(Beginning of EXERCISE MATERIALS)
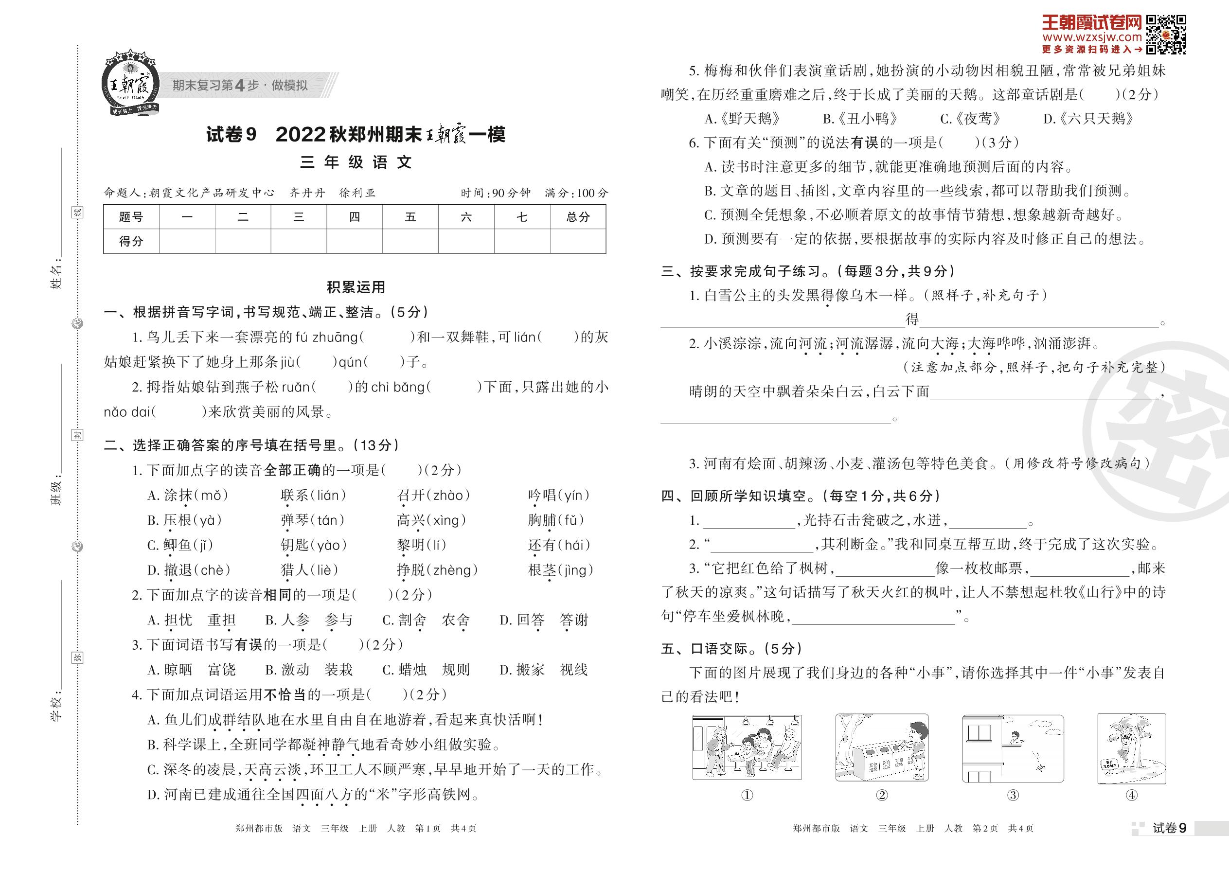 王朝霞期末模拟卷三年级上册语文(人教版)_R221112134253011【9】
(End of EXERCISE MATERIALS)
(Beginning of EXERCISE MATERIALS)
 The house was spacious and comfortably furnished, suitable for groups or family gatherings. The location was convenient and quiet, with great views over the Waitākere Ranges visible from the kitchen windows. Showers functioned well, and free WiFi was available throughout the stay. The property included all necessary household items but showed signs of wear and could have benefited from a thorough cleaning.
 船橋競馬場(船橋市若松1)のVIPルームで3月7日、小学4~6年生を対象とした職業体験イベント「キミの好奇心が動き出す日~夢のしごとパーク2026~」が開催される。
(End of EXERCISE MATERIALS)
» TASK INSTRUCTIONS: Give back exactly the lines above starting at the line where "The house was" appears and ending at the line where "船橋競馬場(船橋市若松1)の" appears, both included, with no other lines.

» SOLUTION TO THE EXERCISE:
 The house was spacious and comfortably furnished, suitable for groups or family gatherings. The location was convenient and quiet, with great views over the Waitākere Ranges visible from the kitchen windows. Showers functioned well, and free WiFi was available throughout the stay. The property included all necessary household items but showed signs of wear and could have benefited from a thorough cleaning.
 船橋競馬場(船橋市若松1)のVIPルームで3月7日、小学4~6年生を対象とした職業体験イベント「キミの好奇心が動き出す日~夢のしごとパーク2026~」が開催される。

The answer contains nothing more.